Member of the Legislative Assembly of Quebec for Montréal–Saint-Laurent
- In office 1927–1936
- Preceded by: Ernest Walter Sayer
- Succeeded by: Thomas Joseph Coonan

Personal details
- Born: August 12, 1891 Russayn, Russian Empire
- Died: September 24, 1973 (aged 82) Montreal, Quebec
- Party: Liberal
- Spouse: Bella Gross
- Occupation: Criminal lawyer and academic

= Joseph Cohen (politician) =

Canadian lawyer, academic, and politician

Joseph Cohen, (August 12, 1891 - September 24, 1973) was a Canadian lawyer, academic, and politician.

Born in Russayn, Russian Empire, the son of Myer Cohen, a Jewish clergyman, and Rebecca Benyash, Cohen was with his family when it migrated to Canada in 1892, settling in Montreal, Quebec.
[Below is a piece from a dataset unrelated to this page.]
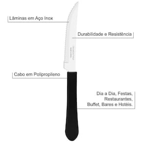 Kit 24 Facas de Mesa Churrasco Tramontina Leme Inox Cabo Preto Você que precisa de talheres de qualidade na hora de receber seus convidados Agora você tem a Faca de Mesa Churrasco Tramontina Leme Inox Cabo Preto é perfeita para essa ocasião. A Faca é produzida com lâmina em aço inox tem maior durabilidade do fio devido ao tratamento térmico e possui cabo em polipropileno proporcionando maior durabilidade e resistência para o uso no seu dia a dia. Além de tudo isso, pode ir à máquina de lavar louças facilitando seu dia a dia ainda mais. Este modelo é ideal para ser Utilizado em festas, restaurantes, buffet, bar e hotéis. Legal né Compartilhe com seus Amigos Conteúdo do Kit: 24 - Facas de Mesa Churrasco Tramontina Leme Inox Cabo Preto. Características do produto: Lâmina: Em Aço Inox; Cabo: Polipropileno Preto. Dimensões Produto Compr. X Larg. X Alt. : Comprimento: 20,2 cm Largura: 0,9 cm Altura: 1,8 cm TAGS e palavras chave do produto: Imagens ilustrativas. Os objetos que ambientam as imagens, não acompanham o produto. Fique atento: As cores das imagens podem sofrer alterações devido a luminosidade, configurações do monitor e até mesmo a percepção do usuário.

He studied at the High School of Montreal, McGill University, and at the Université Laval in Quebec. He studied law under Samuel William Jacobs and was called to the Bar of Quebec in 1913. He was created a King's Counsel in 1926.
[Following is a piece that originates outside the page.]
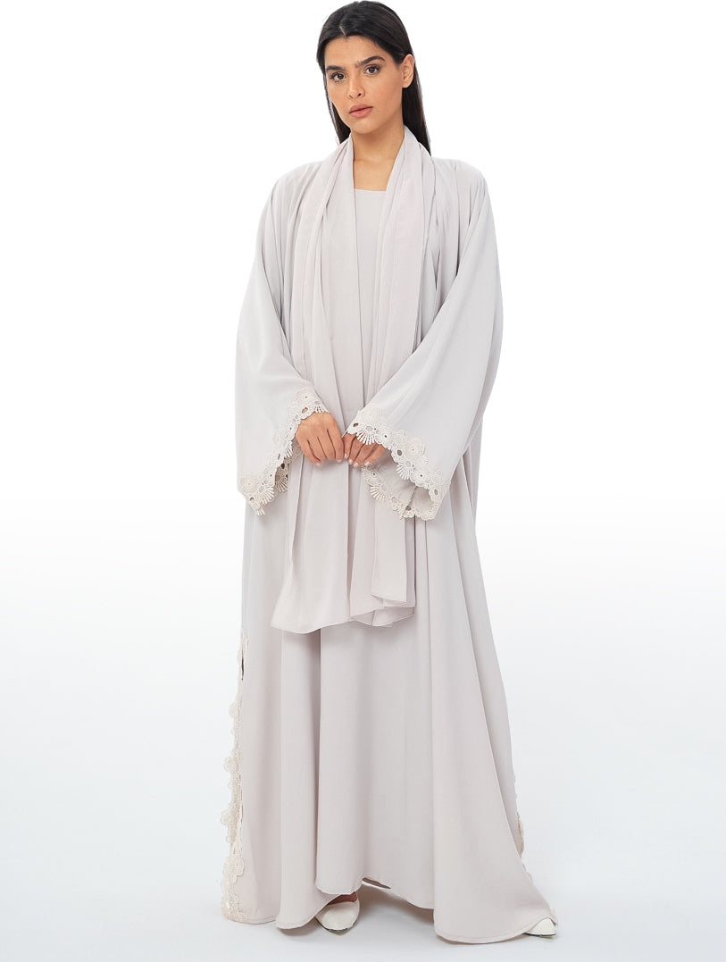 Crafted in soft crepe silk, this abaya features delicate lacework for an elevated daytime feel....

A criminal lawyer, he practiced in Montreal. He first ran for the Legislative Assembly of Quebec for Montréal–Saint-Laurent in 1923 but was defeated. He was elected in 1927 and re-elected in 1931 and 1935. In 1936, the election results were declared invalid and he did not run in the resulting by-election.

From 1952 to 1961, he was a professor of criminal law at McGill University. He died in Montreal in 1973 and was buried in Montreal in the cemetery of the Congregation Shaar Hashomayim.